With this SR1/IL15/IL12 protocol, we generate large numbers of highly functional NK cells from CD34+ HSPCs derived from UCB units. While other HSPC sources (e.g. mobilized peripheral blood) could be used, UCB-derived HSPC generally result in higher NK cell yields that can be multiple folds greater (data not shown). Alternatively, HSPC-NK cells can be generated from human induced pluripotent stem cells (iPSCs) [32,33,34]. iPSC-derived NK cells derive from a clonal starting cell population resulting in an unlimited number of uniform mature NK cells. However, the strength of our product is the heterogeneity between the final NK cell products due to subtle differences in donors [21, 33, 34]. In addition, in our previous clinical trial in vivo HSPC-NK cell maturation was observed, indicated by the rapid acquisition of CD16 and KIR expression, while expression of most activating receptors was sustained [21, 25]. Importantly, no genetic mutation based on karyotyping was observed previously even after 42 days of culture [22].
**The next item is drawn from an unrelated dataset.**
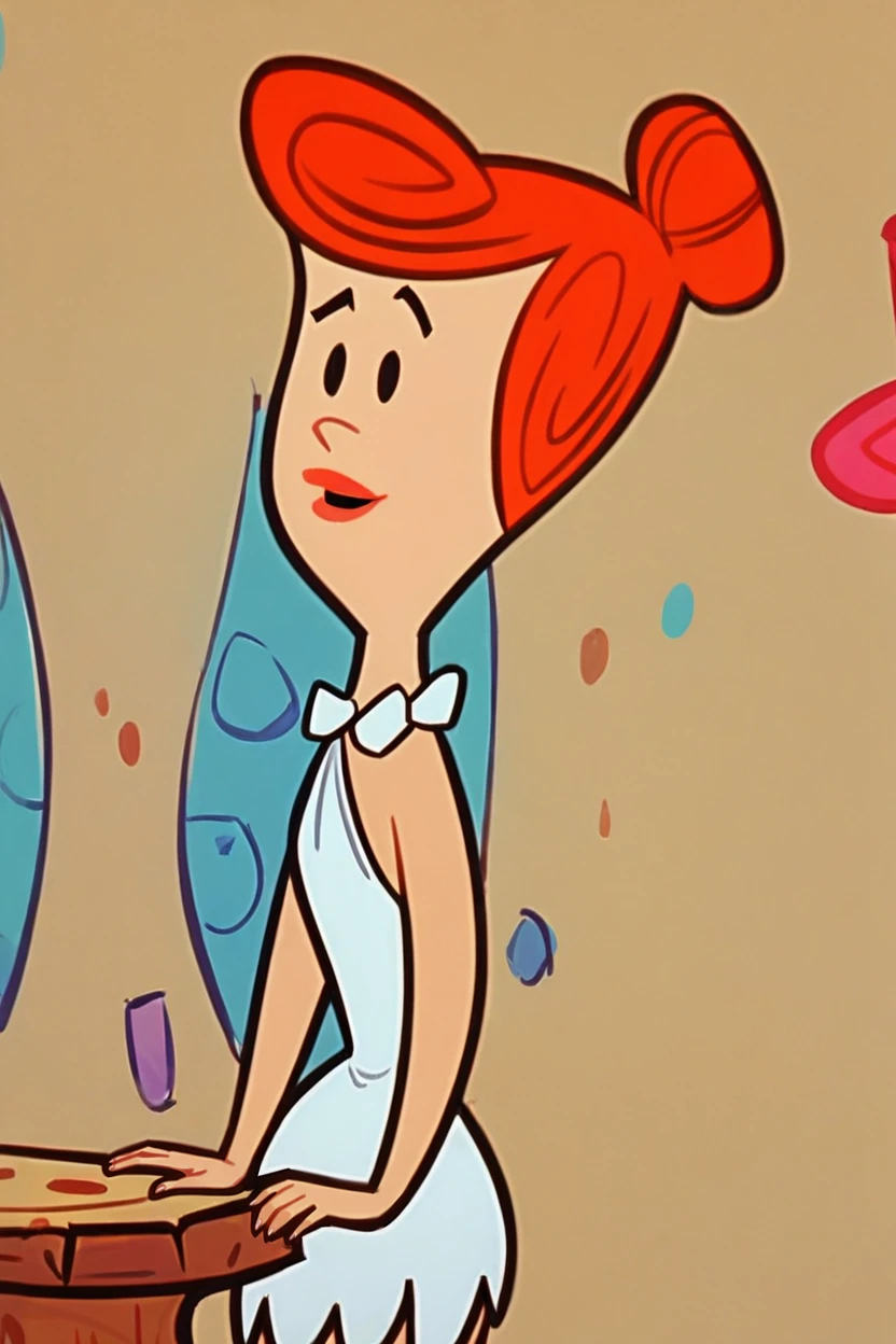Wilma Flintstone, red hair, single hair bun, white dress}

Allogeneic NK cell immunotherapy in general is known to be a safe and well-tolerated adjuvant therapy for patients with AML or MDS-EB2 [3, 5,6,7,8,9, 21, 35]. Prognosis of this patient category remains poor due to high relapse rates which is correlated with persistent MRD prior to allo-SCT. Therefore, we designed a prospective phase I/IIa trial called ‘Infusion of ex vivo-generated allogeneic NK cells in combination with subcutaneous (sc) IL2 in patients with acute myeloid leukemia’ (NCT04347616) to study the safety and efficacy of RNK001 cells with and without IL2 administration. The primary objective of phase I of the study is to evaluate the safety and toxicity of the infusion of RNK001 cells, with and without sc IL2, following a non-myeloablative immunosuppressive conditioning regimen. The primary objective of phase IIa of the study is to evaluate the effect of this immunotherapy regimen on disease activity in patients with AML or MDS-EB2, determined at day +28 post infusion (Fig. 4A, C).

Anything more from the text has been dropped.